WASHINGTON (Legal Newsline) – As a federal agency considers whether lawyers are illegally frightening potential clients who see their television commercials, research shows drugs like Invokana and Truvada are among the most popular subjects of lawyer spending.
Last week, the Federal Trade Commission sent letters to seven legal practitioners and lead generators (companies who refer potential clients to law firms) over their claims in TV ads. The commercials at issue possibly misstate whether pharmaceuticals have been recalled or the seriousness of side effects.
The FTC is not making the letters or their targets public, though Legal Newsline has filed a Freedom of Information Act request to obtain them.
The agency’s announcement, though, specifies that the ads regard blood-thinners and drugs for diabetes, acid reflux and high blood pressure, among other conditions.
It is possible, then, that one of those drugs is Invokana, a diabetes medication that lawyers say is linked to ketoacidosis and kidney injuries.
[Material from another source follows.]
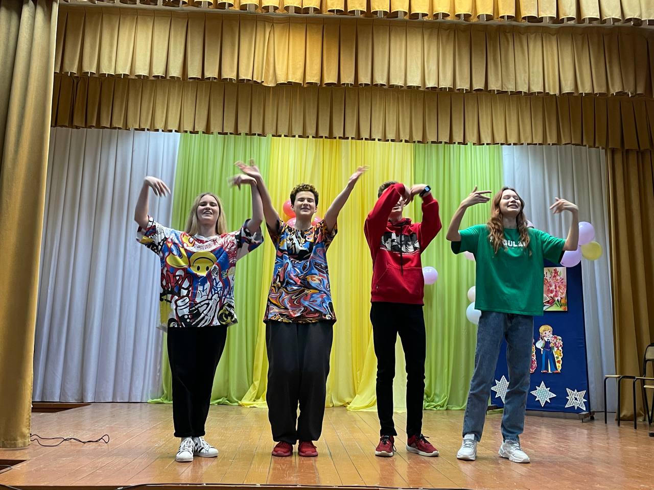 После уроков в гимназии состоялся традиционный праздничный концерт, на который были приглашены все педагоги. Звучали песни, демонстрировались театральные миниатюры и танцы.

It has not been recalled, but the Food and Drug Administration did issue a safety warning.
Research provided by X Ante, using Kantar CMAG data, shows Invokana lawyers and lead generators spent an estimated $5.3 million on television advertising from January through August of this year. The estimations were reached based on estimated ad spending and the number of ads that have aired.
Almost 12,000 Invokana ads have aired, X Ante says. It’s not the only diabetes drug that has drawn attention from lawyers.
Jardiance, which helps control blood sugar for diabetics, also has an alleged link to ketoacidosis. It is part of a group known as SGLT2 inhibitors that have been linked to a form of gangrene that attacks the genitals. The FDA also issued a safety alert about it but has not recalled it.
Lawyers seeking Jardiance clients have spent about $4.1 million on 9,365 ads in the first eight months of 2019, X Ante reports.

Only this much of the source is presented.